Most of us wouldn’t worry about a minor scrape or bump, but diabetes complicates wound care almost as much as it disrupts your diet.
George Perdrizet, MD, medical director of The Wound Recovery and Hyperbaric Medicine Center at Kent Hospital, says diabetes can cause a number of complications, including some that make it harder for even the most minor wounds to heal.
“Diabetes causes damage to the blood vessels and nerves that keep the body’s skin and tissue healthy, especially on the feet,” Dr. Perdrizet says.
The most important advice, he adds, is to seek professional help for any wounds you suffer.
“Actually, diabetics should see their doctor on a regular basis for a foot check-up. This allows problems to be solved before a wound or ulcer develops,” he says.
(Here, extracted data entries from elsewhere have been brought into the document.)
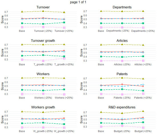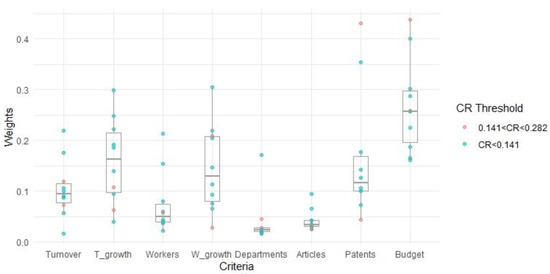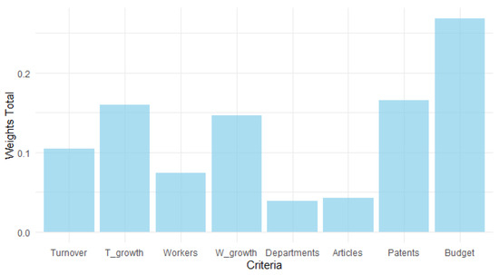 The results of the weights’ attribution obtained from the individual priorities’ arithmetic average are shown in Figure 4. The highest weight was assigned to R&D investments (Budget = 0.26814075), followed by the protection of intellectual property (Patents = 0.16562722), growth in turnover (T_growth = 0.15936269) and employment (W_growth = 0.14592823). The lowest weight was assigned to the high-education offer (Departments = 0.03920736) and the number of international co-publications (Articles = 0.04292915). The weights assigned to turnover (Turnover = 0.15936269) and employees (Workers = 0.14592823) cover intermediate values.
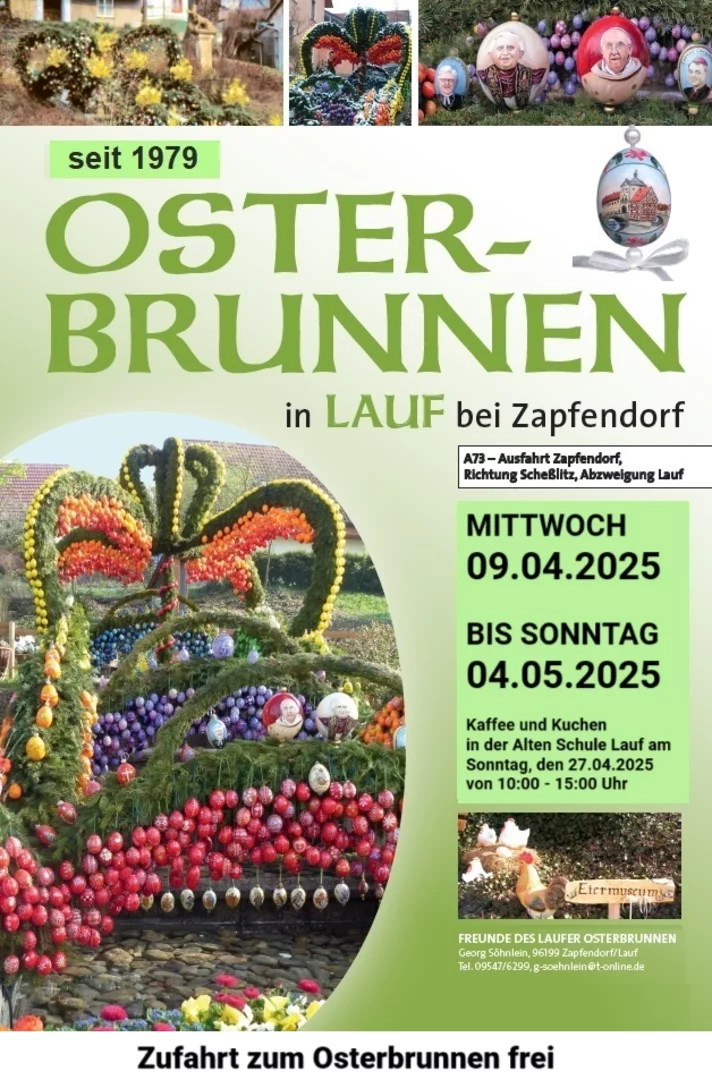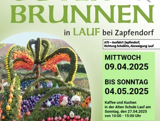Seit vielen Jahren kommen immer wieder viele Osterbrunnen-Busfahrten im Gemeindeteil Lauf vorbei, um den wunderschön geschmückten Osterbrunnen zu sehen. Aber auch die Einheimischen schauen immer wieder gerne vorbei und sind jedes Jahr aufs Neue fasziniert. Schöne Arrangements gibt es jährlich ebenso zu bestaunen wie ein Eiermuseum (sogar mit Straußeneiern).
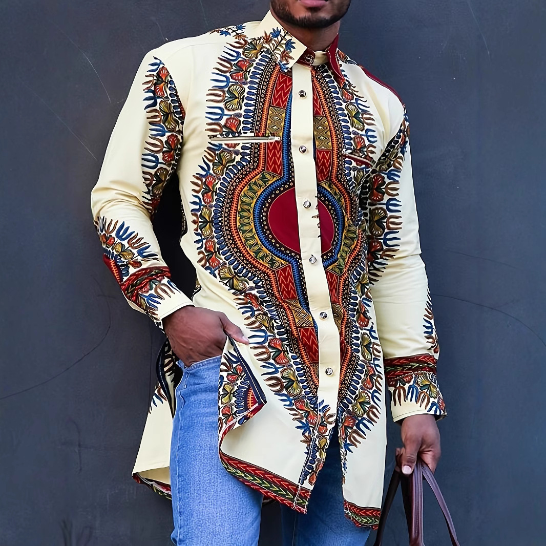 新しい対外貿易メンズアフリカエスニックスタイル独立局アマゾン売れ筋ポジショニングプリントシャツミッドレングスシャツ
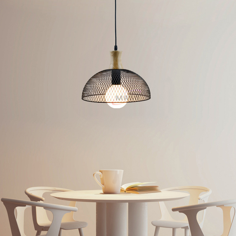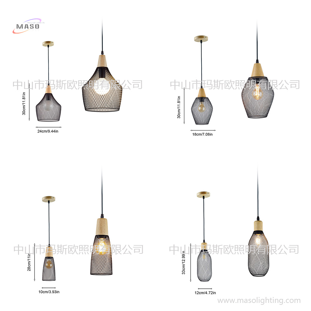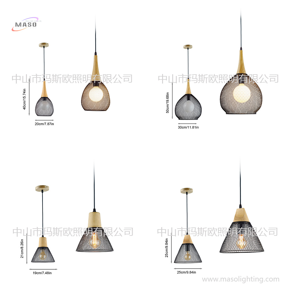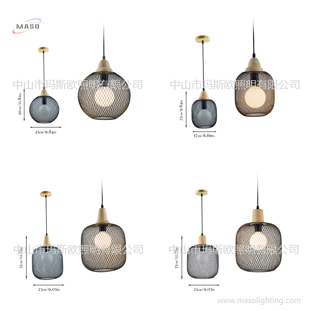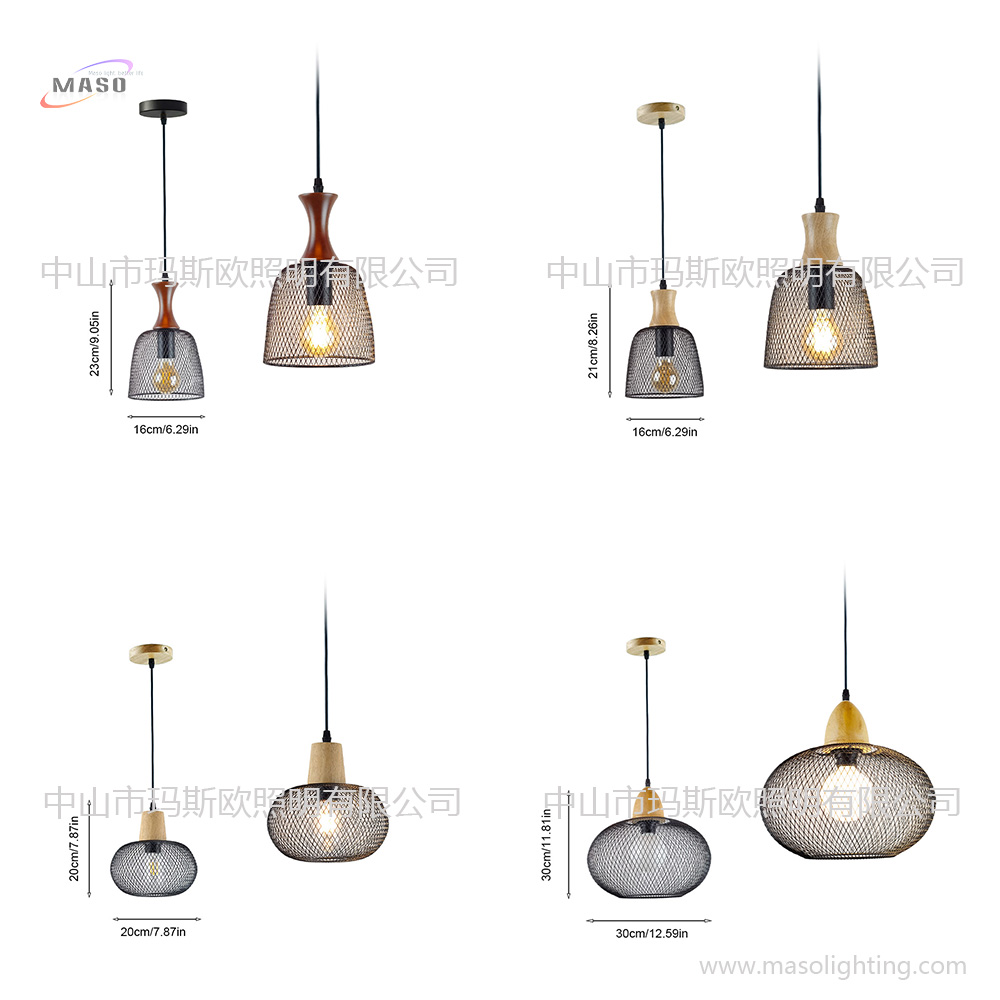 北欧现代木头装饰网状铁艺灯罩室内餐厅酒吧服装店吊灯
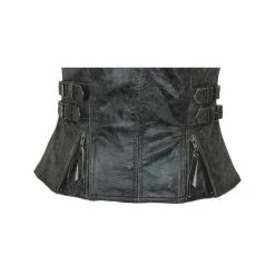 High Mileage HML1037B Womens Black Premium Cowhide Biker Motorcycle Leather Vest With Buckles
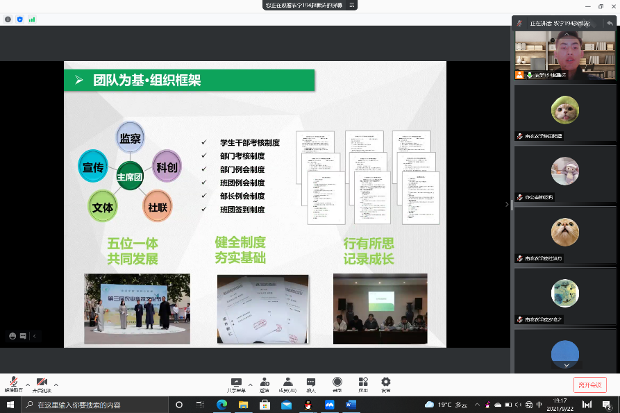 9月22日晚,肉漫屋 肉漫屋 与东南大学化学化工院2021-2022学年学生组织主要学生干部通过腾讯会议开展了线上经验交流分享会,化学化工学院辅导员楚俊卿、肉漫屋 本科生辅导员孙小雯、2021-2022学年肉漫屋 肉漫屋 和东南大学化学化工学院学生组织主要学生干部全体参加会议,会议由主席团成员查欣妍主持。
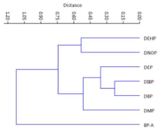 Hierarchical Cluster Analysis for evidencing the correlations among the six PAEs and the BP-A.
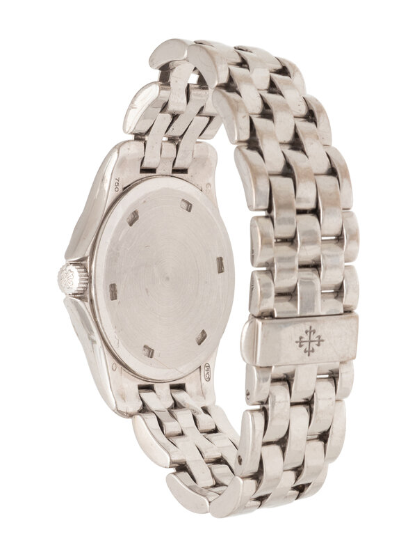 Stamps: Case back: PPCo 750 (Swiss hallmark). Clasp: PATEK PHILIPPE GENEVE 750 (Swiss hallmark).
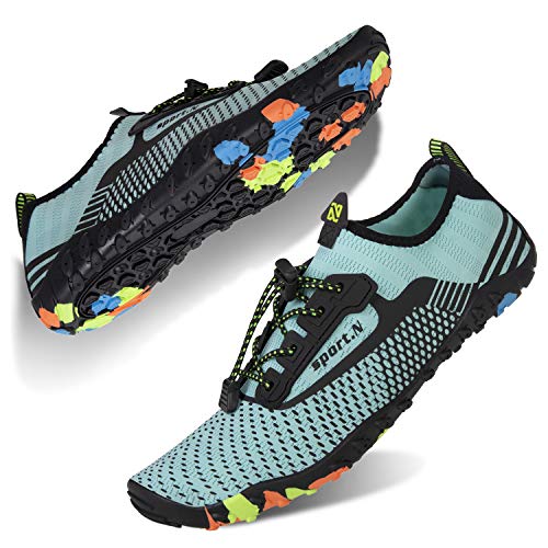 メッシュ素材のアッパーを備え、水上と陸上のどちらでも使える兼用タイプです。軽量で水を含みにくく、水の中でも快適に歩けるのが特徴。速乾性と通気性があるので、水から上がった後にそのまま陸上を歩いても違和感を感じにくいでしょう。
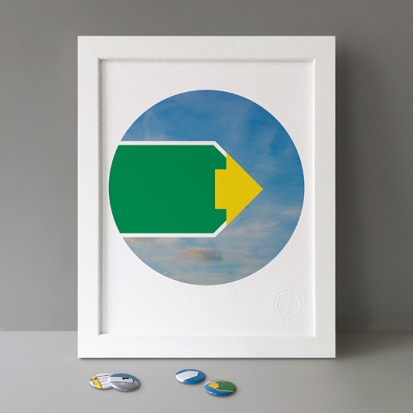 Button Badge Motif Print (STBBMP) — This carefully curated edition features designs from Stereohype's ever-growing one inch (25mm) button badge collection. The circular artworks are enlarged to seven inch (178mm) and printed on demand on a beautifully textured paper (portrait, 8 x 10" / 203 x 254mm). The print series already includes over 500 artworks and will further grow to be as rich and versatile as Stereohype's widely-acclaimed button badge collection. The badge collection already features over 1,700 artworks by over 600 established and emerging illustrators, graphic designers, typographers, photographers and artists from around the world. Some of Stereohype's button badge motifs are clearly better suited to be enlarged and featured on a print than others, but many hundreds of designs will make amazing print motifs. More prints are regularly added to this Stereohype range. Each print comes with the according button badge. We also have an optional custom frame for Button Badge Motif Prints (as seen in previews). This wooden high quality custom frame is built with a matt, white 'small alpha' frame made by our local London, Clerkenwell framer. Frames are also made on demand.

The feet are the most common source of problems for diabetics, especially on the bottom of the foot where blisters can form and around the toenails, where clipping the nails can lead to damage to the skin or nail bed and result in infection.
If not taken care of properly, such wounds can become very large and extend to the bone. Bone infection requires surgery to effectively treat and may result in amputation.
Your physician may also refer you to The Wound Recovery Center for treatment. There, a nurse and physician who specialize in wound care will talk to you about the wound and come up with a treatment plan. They will teach you how to take care of your feet to avoid wounds and have you come back every few weeks to check on the wound.